= Colin Rawlins =

British civil servant, businessman, and Royal Air force officer

Colin Guy Champion Rawlins, (5 June 1919 – 23 October 2003) was a British civil servant, businessman, and decorated Royal Air force officer.

==Early life and education==
Rawlins was born on 5 June 1919 in the Metropolitan Borough of Lewisham, London, England. His parents were R. S. C. Rawlins and Yvonne Blanche Andrews. He spent his early childhood in Brazil, living in Recife and Rio de Janeiro. When his mother died in 1924, he and his sister lived with relations in the Union of South Africa for the next two years. After his father remarried, the siblings moved to British Kenya to join their father and step-mother. He was educated at the Prince of Wales School in Nairobi while the family were living in Kenya. In 1933, the family moved back to England. He was educated at Charterhouse, then an all-boys public school in Godalming, Surrey, between 1933 and 1937.

In 1937, Rawlins matriculated into The Queen's College, Oxford to study modern languages. He represented Oxford University in swimming competitions in 1938 and 1939. Having also joined the Oxford University Air Squadron, he was called up for active service at the beginning of World War II.

==Career==
===Military service===
Rawlins joined the Oxford University Air Squadron while studying at the University of Oxford. This meant his was able to learn to fly and train as an officer cadet of the Royal Air Force at the same time as studying for his degree. He was commissioned in the Royal Air Force Volunteer Reserve (RAFVR) on 1 November 1938 as a pilot officer.

At the beginning of World War II, Rawlins was called up for active service. He then received advanced pilot training at No. 8 Flying Training School RAF, RAF Montrose, and at No. 16 Operational Training Unit (a night bomber training unit), RAF Upper Heyford. He was promoted to flying officer on 1 May 1940. He then joined No. 144 Squadron RAF, flying Handley Page Hampden medium bomber. From August to December 1940, he serve a tour of operations with Bomber Command, flying night bombers over North-West Europe. He was awarded a Distinguished Flying Cross in February 1942 to for service during this period.

From January 1941 until his return to flying in May 1941, Rawlins was rested from active duty. On 1 May 1941, he was promoted to flight lieutenant (war substantive).

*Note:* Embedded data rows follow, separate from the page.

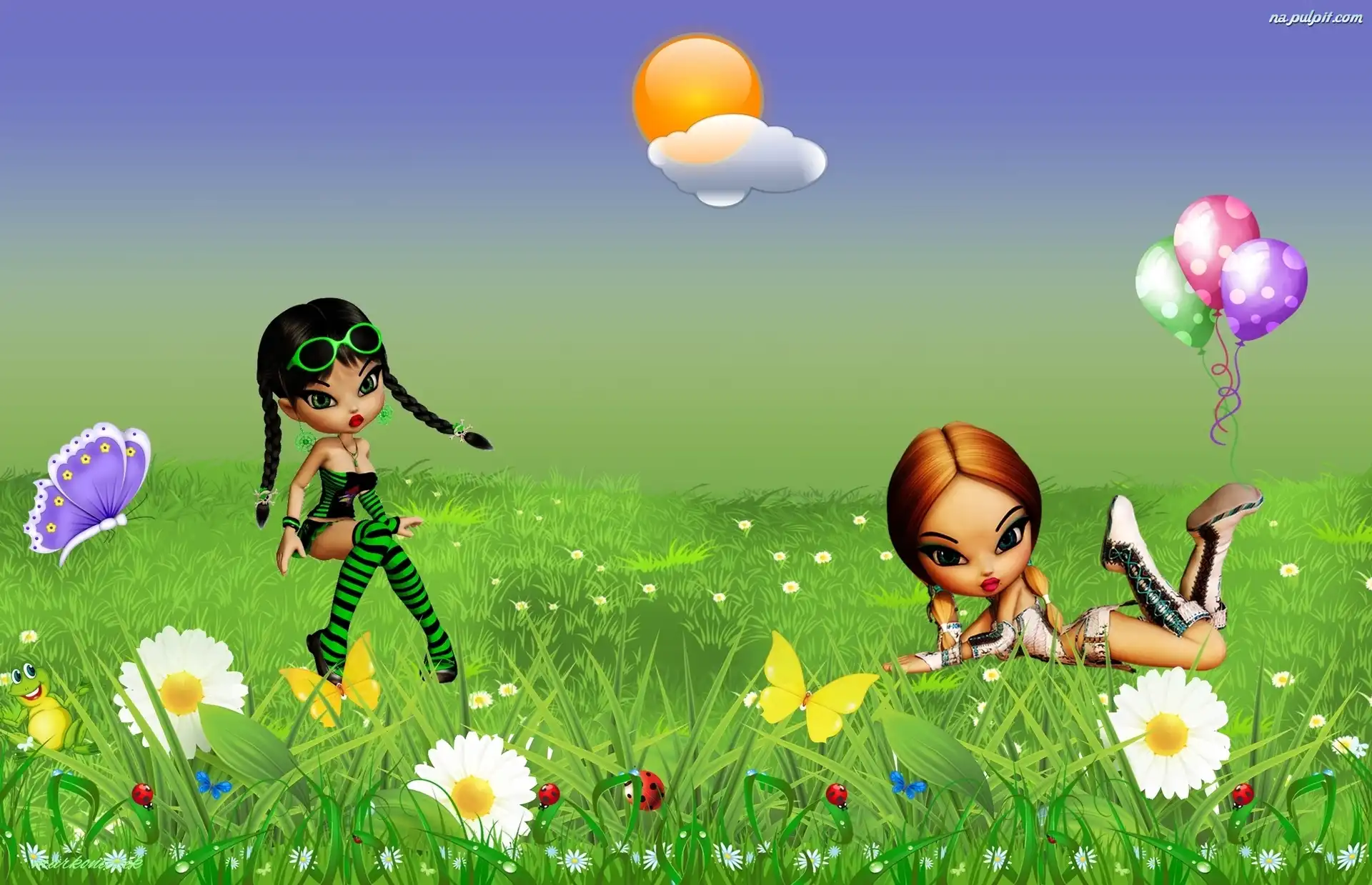Motylki, Łąka, Grafika, Kwiaty Na Pulpit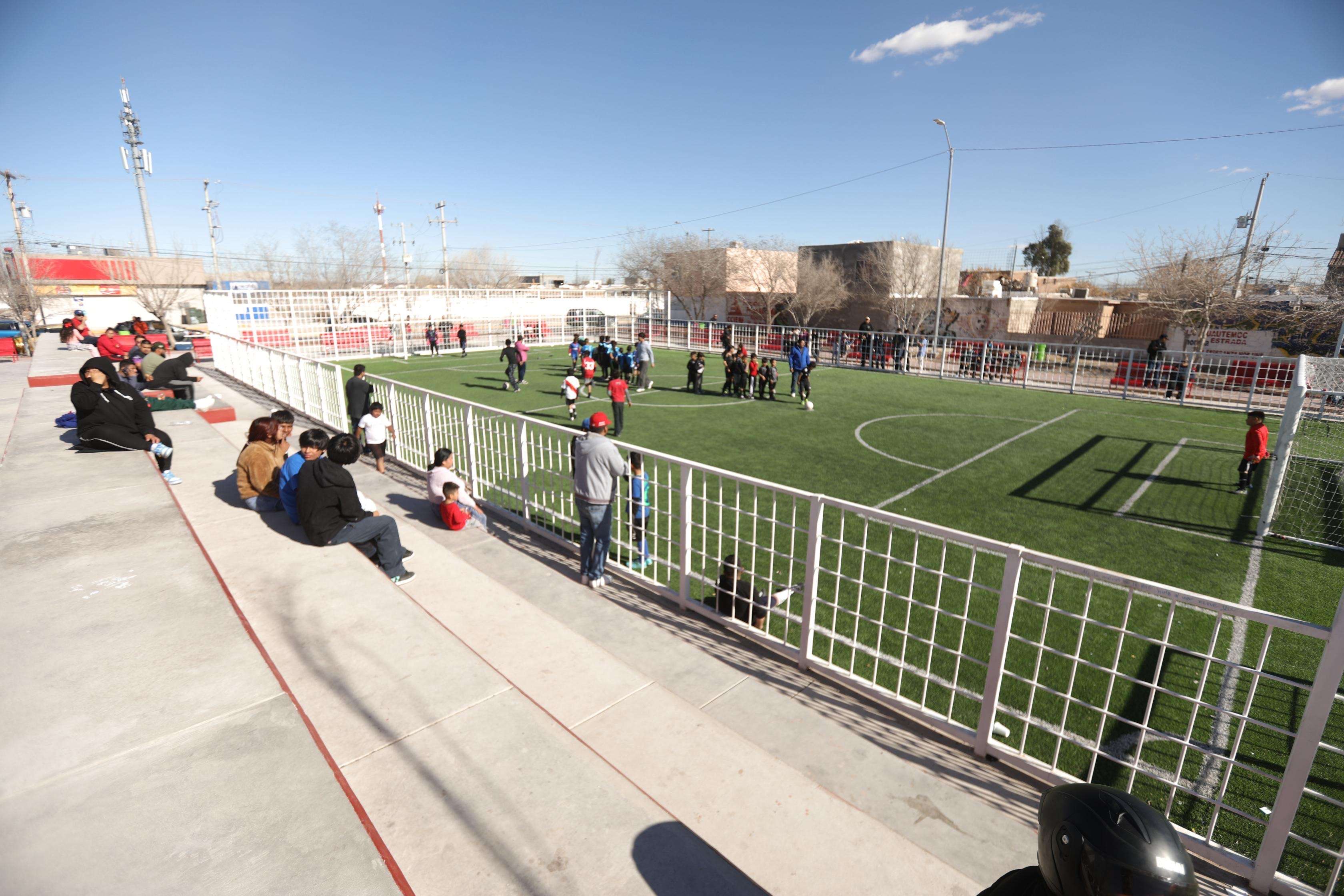 Por su parte, Daniel González García, titular de Obras Públicas informó que la obra consistió en la construcción de dos canchas de fútbol, colocación de mobiliario urbano y juegos, gravas decorativas, la fabricación de una cancha de concreto, además de reja perimetral en las canchas, con una inversión de 10,811,201 pesos.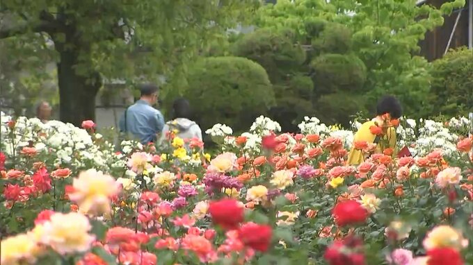 さまざまな種類のバラが一斉に咲いている様子が楽しめるRSKバラ園の「春のバラまつり」は6月16日まで開かれています。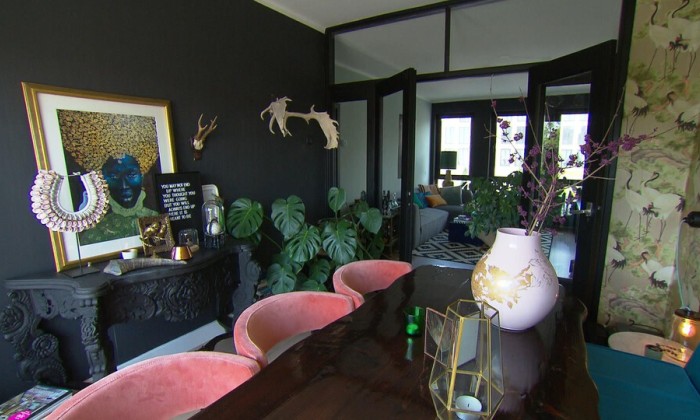 Renske is dol op de kleur roze, maar met vier mannen in huis wist ze niet of ze ze kon overtuigen. Daarom heeft ze het maar gewoon gedaan. 'Het is zo'n warme kleur'. Iedereen was thuis enthousiast en ze mocht het zo helemaal doortrekken naar de bovenverdieping.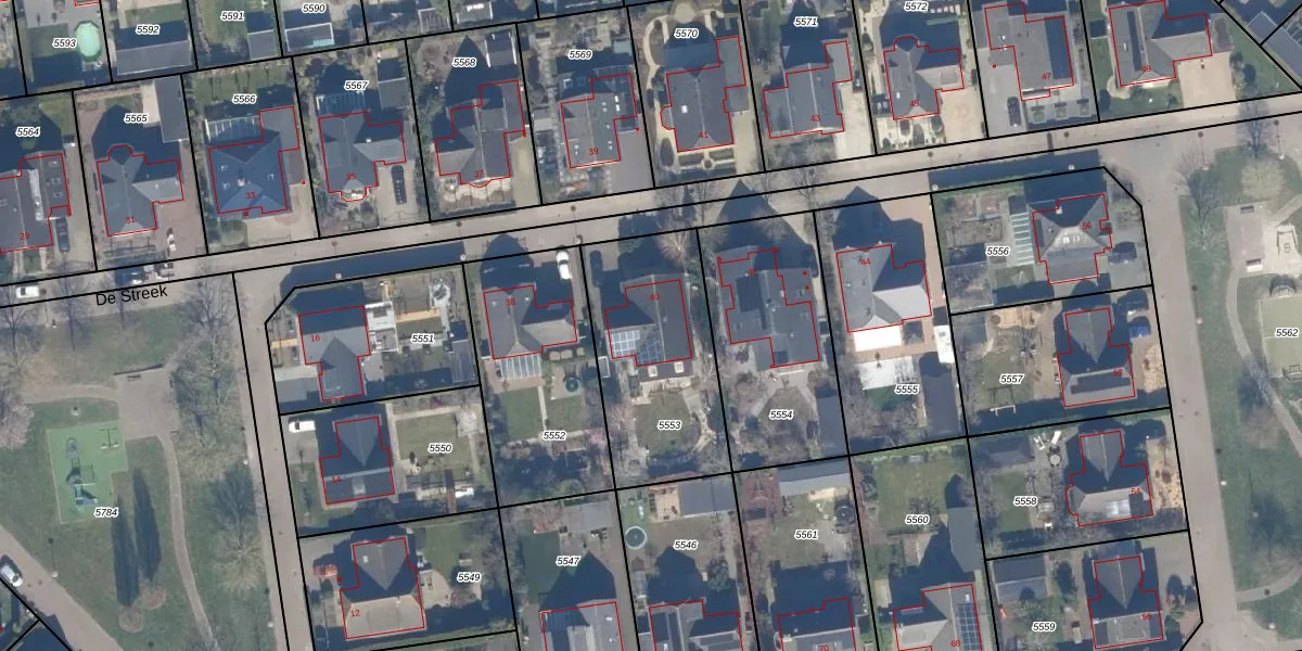 Het perceel waarop De Streek 40 staat heeft een oppervlakte van 689 m². Dit is een groot perceel. De perceeloppervlakte wordt geregistreerd door het Kadaster. Gedetailleerde informatie over de maten van dit perceel kunt u vinden in het rapport Kadastrale kaart met maatvoering van De Streek 40.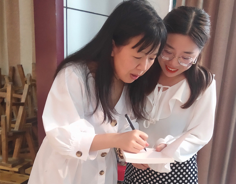 会议间隙,与南京师范大学教授殷飞、儿童文学作家童喜喜交流并合影留念。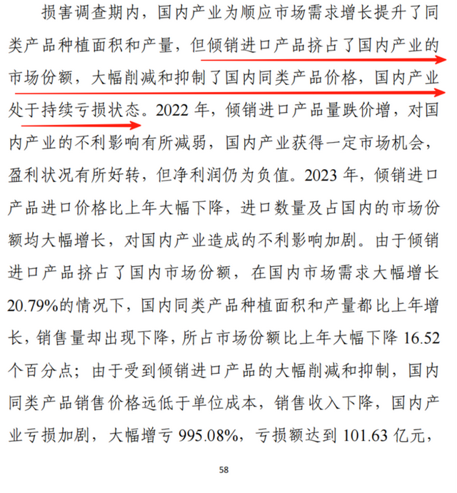 此外在仔细研读了反倾销调查初步裁定的文件,我们不难发现目前政策端对于保护国内包括农粮领域的合理利益是非常重视的(见下图)。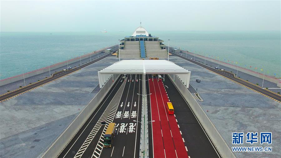 10月24日,來往車輛在東人工島上出入海底隧道(無人機拍攝)。當日,港珠澳大橋正式通車。(新華社記者梁旭攝)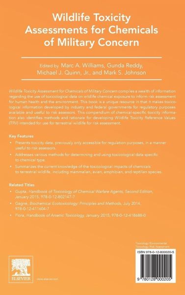Wildlife Toxicity Assessments for Chemicals of Military Concern is a much-needed resource designed to meet the needs of those seeking toxicological information for ecological risk assessment purposes. Each chapter targets a specific chemical and considers the current knowledge of the toxicological impacts of chemicals to terrestrial wildlife including mammalian, avian, amphibian and reptilian species.
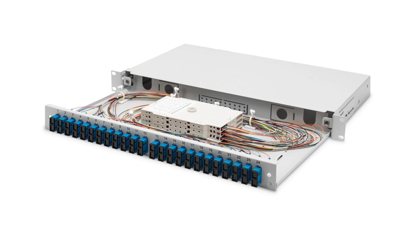 Panel krosowy FO z wyposażeniem 19 1U, 24x SC dx, OM3, adaptery, wysuwany, szary DN-96422/3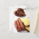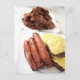 Back dice que la tarjeta postal de papá a la parrilla tiene botellas de pollo a la parrilla, salchichas y hamburguesas de queso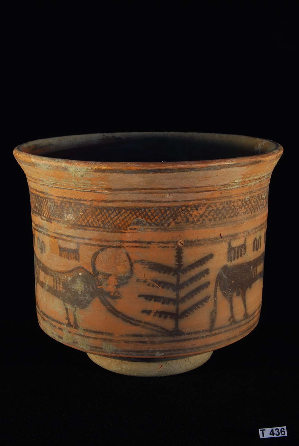 Description: Indus Valley Painted Pottery Vessel - Large Kulli phase vessel or pot stand, the outside centre of which is decorated with two friezes of Zebu bull and goats or antelope, above and below which are various geometric and banded motifs.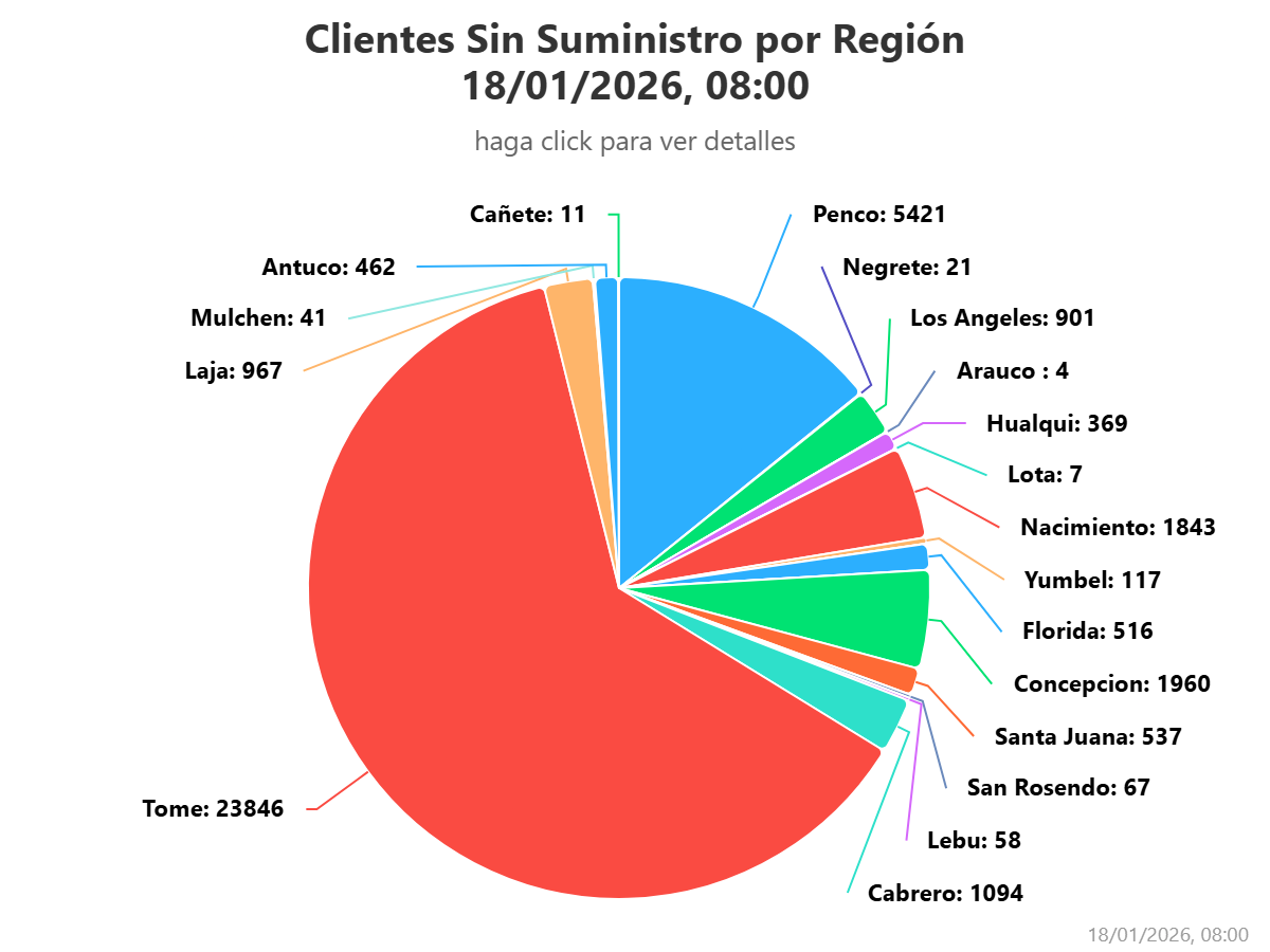 En Tomé, la cifra es de 23.846, y en Penco 5.421. Para Concepción se reportan 1.960 afectaciones de electricidad y Cabrero 1094.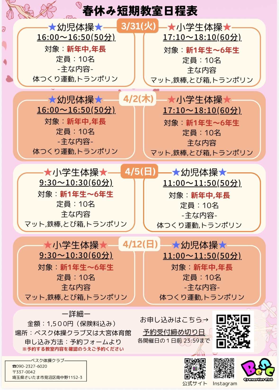 春休み短期教室開催のご案内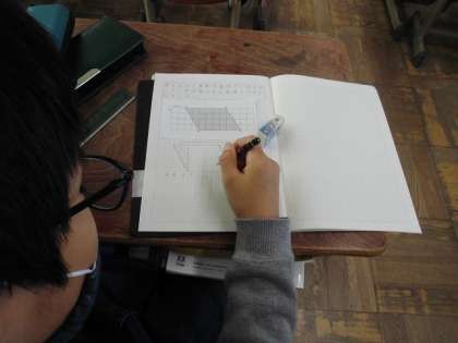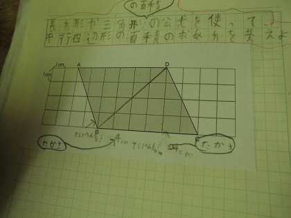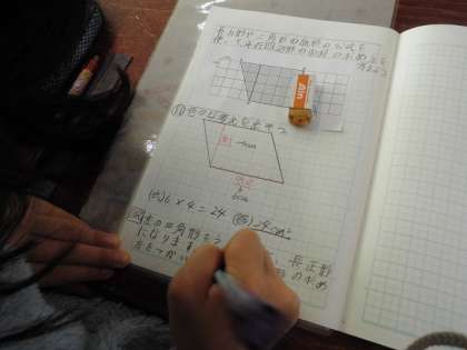 長方形や三角形の面積の公式を使って、平行四辺形の面積を求めました。色々な角度から図形を見ている児童が多く、たくさんの考えが出ていました。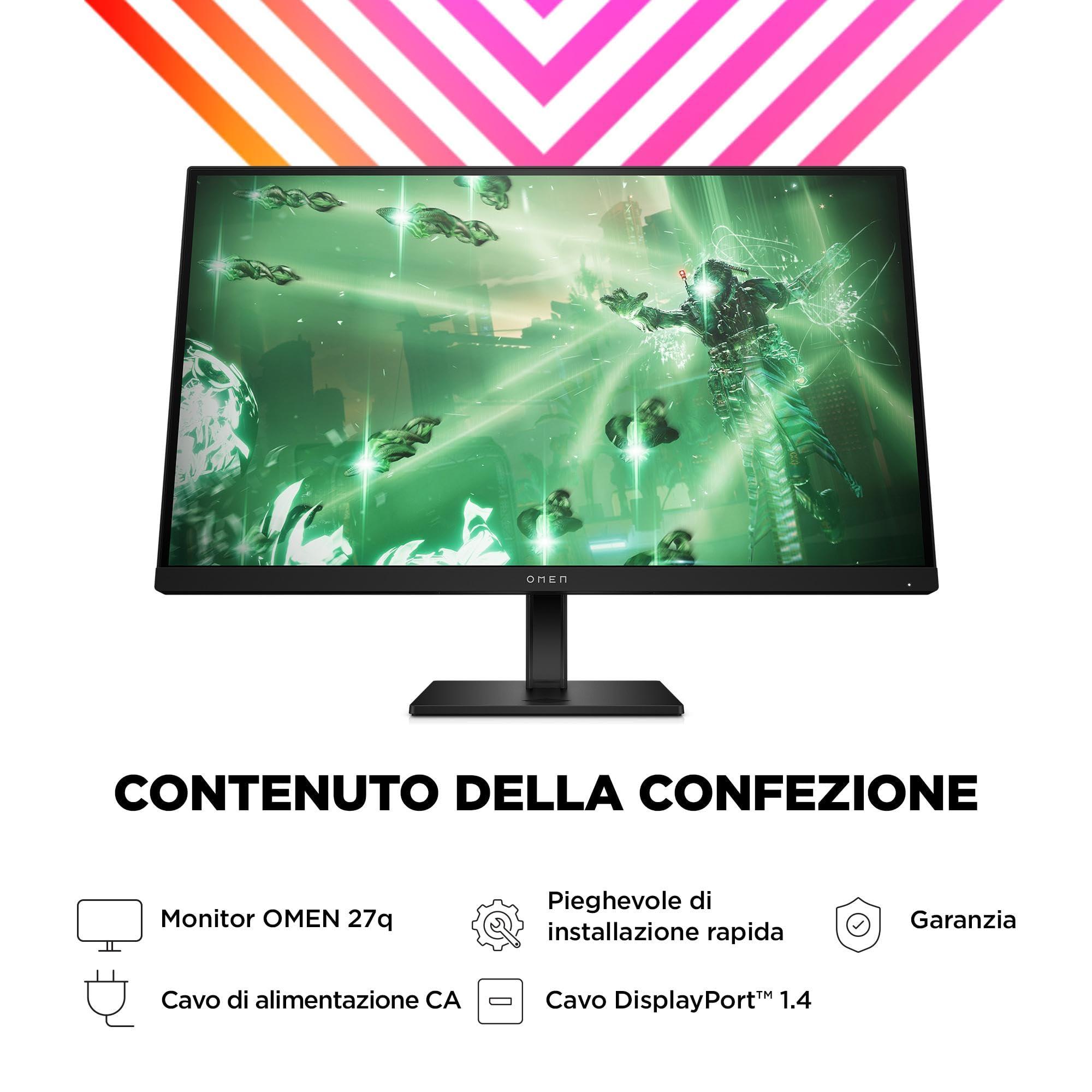 HP OMEN 27q QHD Monitor, Schermo da 27 Pollici Quad HD, Risoluzione 2560 x 1440 Pixel, Pannello IPS da 165Hz, 1 ms, DisplayHDR 400, Antiriflesso, 450 nits, AMD FreeSync, USB, HDMI, Nero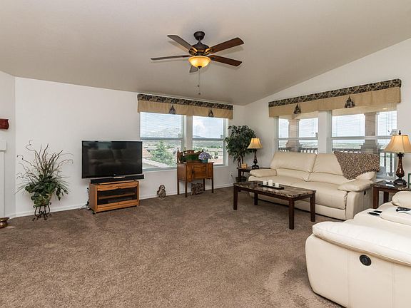 WHAT A GREAT HOME WITH BEAUTIFUL VIEWS OF GRANITE MOUNTAIN OFF THE LARGE TREX DECK . A CUSTOM OVERSIZED FLOOR PLAN OF THIS ALMOST NEW MANUFACTURED HOME. LARGE GREAT ROOM WITH FIREPLACE, EASY TO WORK KITCHEN WITH UPGRADED APPLIANCES, HIGH BAR LEVEL EATING AREA AND DINING AREA. 3 NICE SIZE BEDROOMS WITH 2 BATHS AND LAUNDRY. GARAGE IS A FULL 2 CAR WITH LARGE STORAGE. FRONT AND BACK OUTSIDE LIVING AREAS TO ENJOY THE SUNSET BEHIND GRANITE MOUNTAIN AND COVERED PATIO WITH DINING AREA TO ENJOY YOUR MORNING COFFEE.
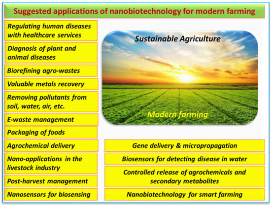 The combination of interdisciplinary fields that address different applications of biotechnology to nanotechnology is called nanobiotechnology (NBT). Applications of NBT can be found in the fields of agriculture, health, medicine, imaging, drug delivery, immune-proteomics, tissue engineering, cosmetics, pharmacy, and more [159]. Nanobiotechnology has great potential for the development of new nano-biosensors, drug delivery and gene therapy tools, nano diagnostics, nano crop protection and management, nano postharvest processing, and bio-compatible nanodevices (Figure 11). Nanomaterials and nanoparticles can be biosynthesized using biological methods, which have several applications during farming practices, such as:

On 12 May 1941, he was shot down near Enkhuizen, the Netherlands, by Helmut Woltersdorf.

=== Post-Military ===
Rawlins was Director of Zoos of the Zoological Society of London from 1966 to 1984.

==Honours==

On 11 February 1941, Rawlins was awarded the Distinguished Flying Cross (DFC) "in recognition of gallantry displayed in flying operations against the enemy". For service during World War II, he was also awarded the 1939–1945 Star, the Air Crew Europe Star, and the War Medal 1939–1945. If he had lived to 2013, he would have received the Bomber Command Clasp which was belatedly instituted on 26 February of that year.